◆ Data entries
----

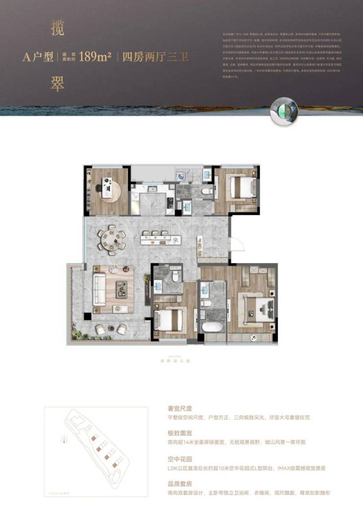 主力户型建面139-189㎡,均为四居室,南向面宽达14米,主卧配置独立衣帽间及飘窗,部分户型实现三面采光
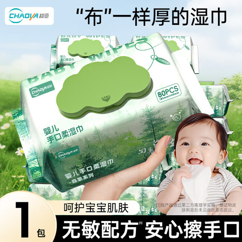 超亚孕产妇湿巾EDI纯水家庭婴童湿巾纸巾加厚擦脸擦手产后护理清洁 森氧系列 【体验装】 80抽 1包
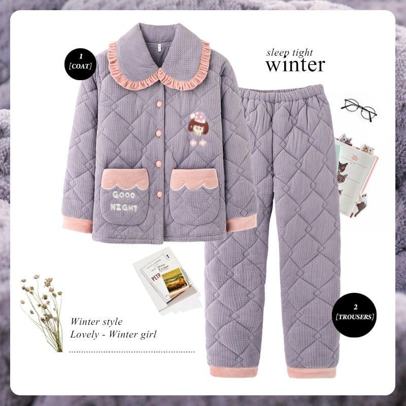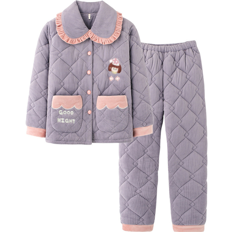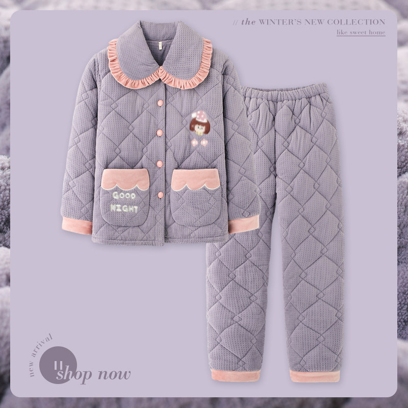 Mrs. Sili winter pajamas women's thickened plus velvet coral fleece three-layer quilted super thick autumn and winter 2021 new
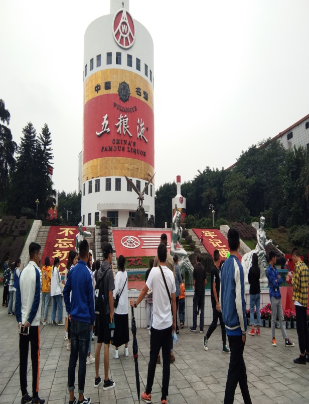 早上9点,满怀激情的同学们乘上长宁环球旅行社的大巴车开启了今天的游学旅程。车上,导游向大家简要介绍了五粮液集团的名称由来、行业地位和上午的行程安排,使同学们对即将参观的五粮液集团有个初步了解。经过一个小时的奔波,车子顺利到达五粮液集团的东大门,同学们在导游的带领下,先后参观了鹏程广场——酒圣山——酒文化博览馆。每到一个参观点,同学们都会认真聆听导游的解说,对标志性建筑大家怀着崇敬的心情仰望并纷纷拍照留影,留作纪念。
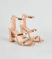 The future is looking so sleek in these metallic block heels! They feature an almond toe. a trio of thin straps. and a closed ankle with a back zipper closure. Style with an embellished box clutch to complete the look!
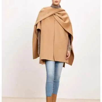 newbagggyy WRAP-Autumn Winter Woolen Cape For Women Double-Sided Soft Cashmere Short Over Coat Shawl (US, Alpha, One Size, Regular, Regular, Khaki)
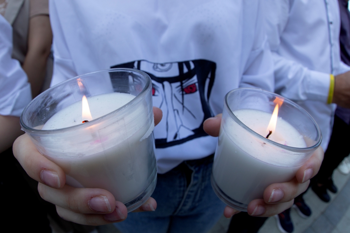 В память обо всех жертвах терроризма участники акции зажгли свечи и возложили цветы.

----

◆ What the task asks
Without altering anything, output all the lines above but none of the images.

◆ Written solution
 主力户型建面139-189㎡,均为四居室,南向面宽达14米,主卧配置独立衣帽间及飘窗,部分户型实现三面采光
 超亚孕产妇湿巾EDI纯水家庭婴童湿巾纸巾加厚擦脸擦手产后护理清洁 森氧系列 【体验装】 80抽 1包
 Mrs. Sili winter pajamas women's thickened plus velvet coral fleece three-layer quilted super thick autumn and winter 2021 new
 早上9点,满怀激情的同学们乘上长宁环球旅行社的大巴车开启了今天的游学旅程。车上,导游向大家简要介绍了五粮液集团的名称由来、行业地位和上午的行程安排,使同学们对即将参观的五粮液集团有个初步了解。经过一个小时的奔波,车子顺利到达五粮液集团的东大门,同学们在导游的带领下,先后参观了鹏程广场——酒圣山——酒文化博览馆。每到一个参观点,同学们都会认真聆听导游的解说,对标志性建筑大家怀着崇敬的心情仰望并纷纷拍照留影,留作纪念。
 The future is looking so sleek in these metallic block heels! They feature an almond toe. a trio of thin straps. and a closed ankle with a back zipper closure. Style with an embellished box clutch to complete the look!
 newbagggyy WRAP-Autumn Winter Woolen Cape For Women Double-Sided Soft Cashmere Short Over Coat Shawl (US, Alpha, One Size, Regular, Regular, Khaki)
 В память обо всех жертвах терроризма участники акции зажгли свечи и возложили цветы.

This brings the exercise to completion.